The project is structured as follows:

  • the src directory for source files.
  • the tests directory for the test queries, database file, expected input and output directory.

For packages for the project source file is arranged by the following rational:

  • the client package is for top-level class.
  • the btree directory is a building B+ tree index file. It also contains serializer, deserializer classes for index searching purpose.
  • the operators package is for various Operator classes.
  • the optimizer package contains three major classes, JoinOptimizer, SelectionOptimizer, and VValue. These three classese are created for determining the best join order.
  • the test package contains unit tests, end-to-end test as well as the utilities and test test harness.
  • the util package contains various classes for dealing with queries, expressions, and trees as well as data-structures for storing query elements.
  • the visitors package contains generic visitor as well as different concrete visitors.

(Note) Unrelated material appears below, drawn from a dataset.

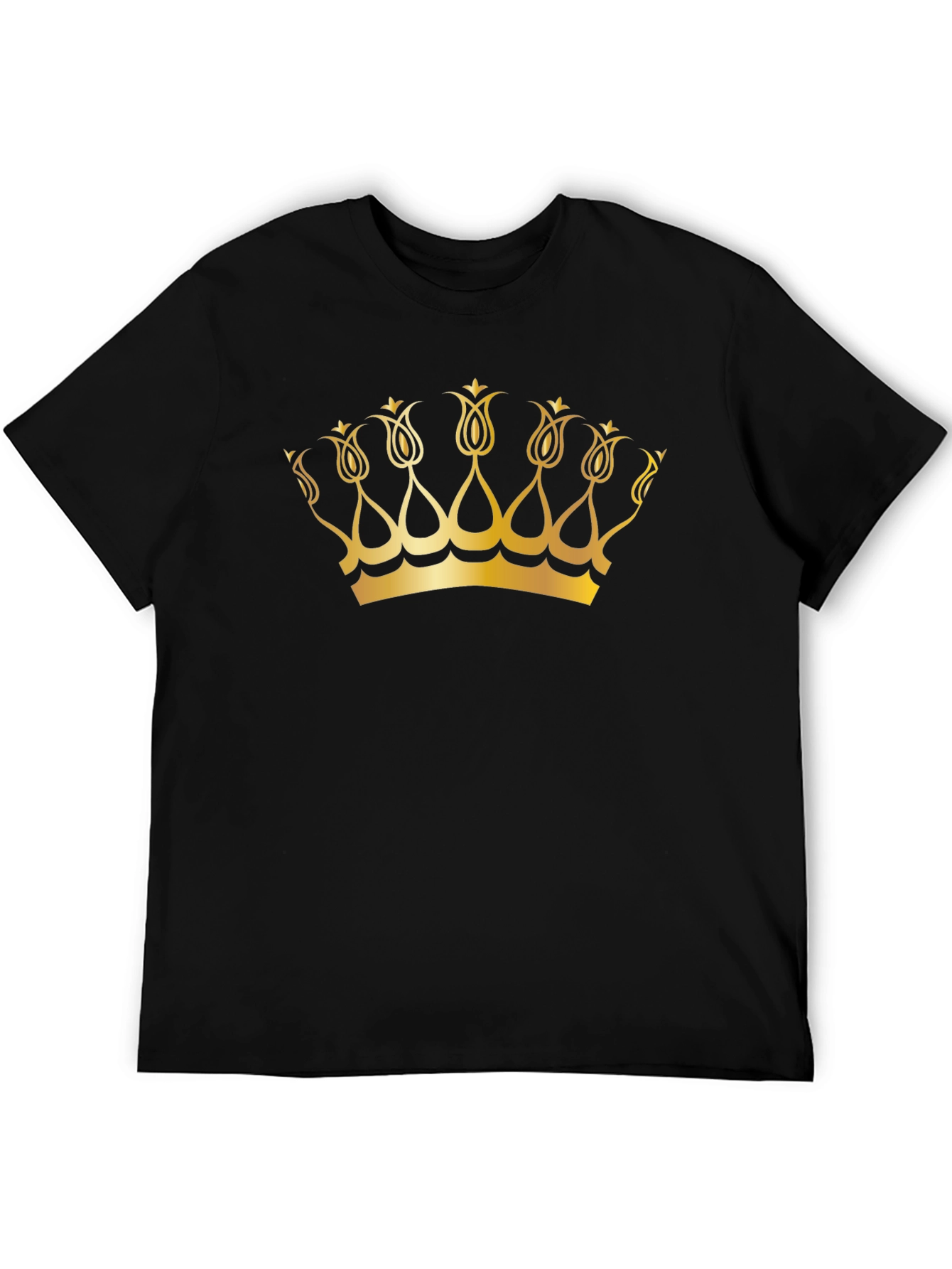 Elevate your style with this striking black t-shirt, featuring a bold golden crown graphic. The regal design adds a touch of luxury and sophistication to your casual wear. Made from comfortable materials, this tee is perfect for everyday wear, whether you're hitting the streets or relaxing at home. The eye-catching crown design is sure to turn heads and make a statement. Pair this t-shirt with your favorite jeans or shorts for a stylish, effortless look. Show off your inner royalty with this must-have wardrobe addition!

New Functionalities Added in

The Selection Pushing

In order to push selection to proper position in our logical plan, We implemented the union find data structure to group attributes with same range condition. The selection condition, which contains equalsTo, greaterThan, MinorThan expression between one relation and a number or between two attribute of the same relation would be pushed down after the join condition. Uneqality and other usable selection condtion would be pushed up to the join operator.

Selection Implementation

We created a class called selectionOptimizer to handle which selection method to use. We first check indexing availability for all the attributes of one relation involved in the selection. If there are no proper indexing for these attributes, we would choose the plain scan method. If there are indexing options on these attributes, we would compare the cost their costs, and choose the one with the lowest cost.

Join Order choice

We had some problems implenting the dynamic programing method to choose the best join order. The compromised solution we curretnly implemented is to choose join order based on each table size.

Join Implementation

Our logic is to use Sort Merg Join if it is applicable. If SMJ is not applicable, we choose to use Block Nested Loop Join.

Interpreter

The top-level entry of the program is at the client.SQLInterpreter.main().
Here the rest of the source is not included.